CleaveNet uses a transformer neural network to predict cleavage from peptide sequence alone. The model tokenizes each amino acid in the input sequence, processes them through self-attention layers that capture dependencies between positions, and outputs a z-score for each MMP variant.

The predictor was trained on data from Kukreja et al. (2015), an mRNA display experiment that measured cleavage rates for thousands of randomized peptide substrates across multiple MMPs. Each peptide in the training set has experimentally measured cleavage values, allowing the model to learn which sequence motifs correlate with efficient cleavage by specific proteases.

Input peptides shorter than 10 residues are padded with special tokens. The model processes the padded sequence and predicts z-scores independently for each MMP—these scores represent how far above or below the mean cleavage rate a given peptide falls, normalized by the standard deviation of the training distribution.

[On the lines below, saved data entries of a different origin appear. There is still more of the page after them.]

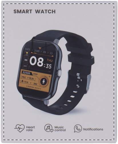 Orologio intelligente wireless multifunzionale con custodia in metallo, schermo touch screen TFT da 1,44", batteria ricaricabile da 150 mAh e cinturino in silicone. Dispone di diverse funzioni intelligenti e di monitoraggio della salute, come la frequenza cardiaca, la pressione sanguigna e il monitoraggio dell'ossigeno, oltre a molte altre. Può essere collegato agli smartphone con un'applicazione gratuita disponibile per iOS e Android. Include un cavo di ricarica USB. Resistente all'acqua IP65.
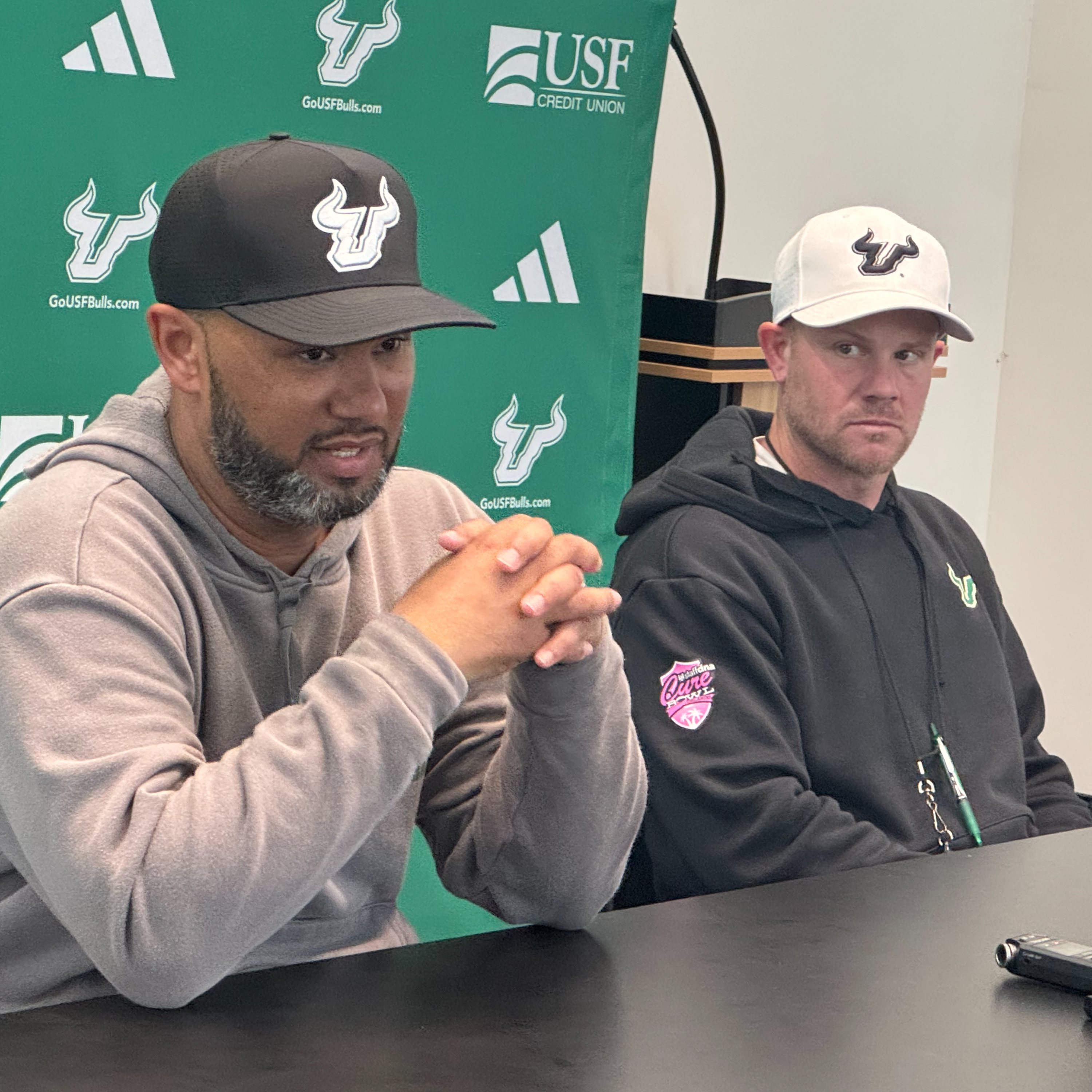 Listen in as new Bulls Runnings Back Coach Elijah Brooks, who was a standout college back and the last 3 seasons coached the position at Virginia Tech, along with WR coach Myles White sat down with Joey Johnston and other media who cover the Bulls on Thursday.
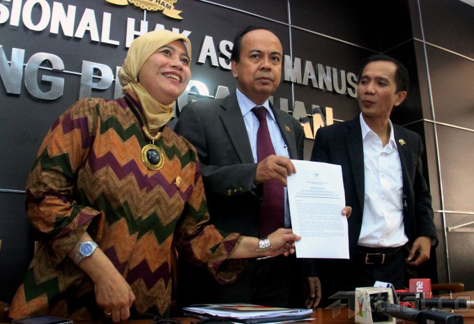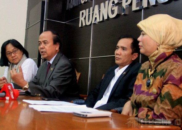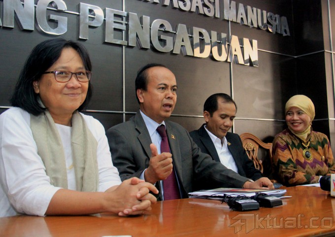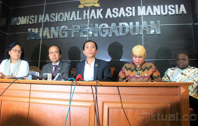Ketua Komnas HAM Hafid Abbas (kedua kiri) didampingi Ketua Tim Investigasi Komnas Ham Nur Kholis (kedua kanan), Wakil Ketua Tim Investigasi Sandrayati Moniaga (kiri), serta juru bicara Tim Investigasi Roichatul Aswidah (kanan) memaparkan hasil investigasi pada kasus dugaan kriminalisasi Wakil Ketua KPK Bambang Widjojanto, Jakarta, Rabu (4/2). Hasil Investigasi menyimpulkan bahwa dugaan kriminalisasi pimpinan KPK merupakan tindakan penyalahgunaan kekuasaan/kewenangan oleh Kepolisian RI, ditunjukan dengan adanya penggunaan senjata laras panjang dan pemborgolan saat penahanan BW tanpa surat panggilan pemeriksaan. AKTUAL/MUNZIR
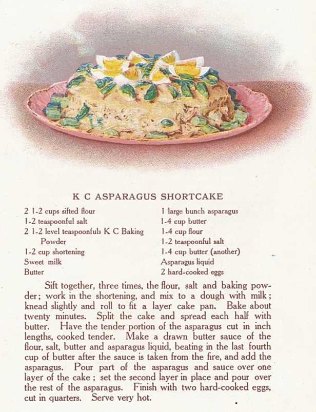 So  when I saw a colorful illustration for Asparagus Shortcake in a hundred-year-old promotional cookbook published by the KC Baking Powder Company, my curiosity was piqued. Was Asparagus Shortcake an example of a food that once had been at the “apogee of culinary chic”?

An alternative LSTM architecture is also available in the original codebase for cases where the transformer may overfit to training patterns. The LSTM backbone can sometimes extrapolate better to novel cleavage motifs not well-represented in the training data.

The official CleaveNet codebase also includes a peptide generator. ProteinIQ now exposes both the unconditional generator and the z-score-conditioned generator through the same wrapper.

Applications

Protease-activated drug delivery: Peptide linkers connecting antibodies to cytotoxic payloads can be designed to release the drug only when cleaved by tumor-associated MMPs, reducing off-target toxicity.

Diagnostic biosensors: Peptides that fluoresce upon cleavage serve as activity-based probes. CleaveNet helps identify sequences with appropriate MMP selectivity for detecting specific cancers or inflammatory conditions.

Enzyme specificity studies: Comparing z-scores across the 17 MMP variants reveals which positions in a peptide drive selectivity, informing mechanistic understanding of MMP substrate preferences.

Limitations

  • Predictions are calibrated for 10-residue peptides. The model has not been extensively validated on shorter or longer sequences.
  • CleaveNet predicts relative cleavage efficiency, not absolute kinetic rates. Z-scores indicate ranking, not quantitative Km or kcat values.
  • Training data comes from in vitro mRNA display experiments; in vivo cleavage may differ due to protein folding, localization, and inhibitor presence.
  • Generated peptides are model samples, not experimentally validated substrates.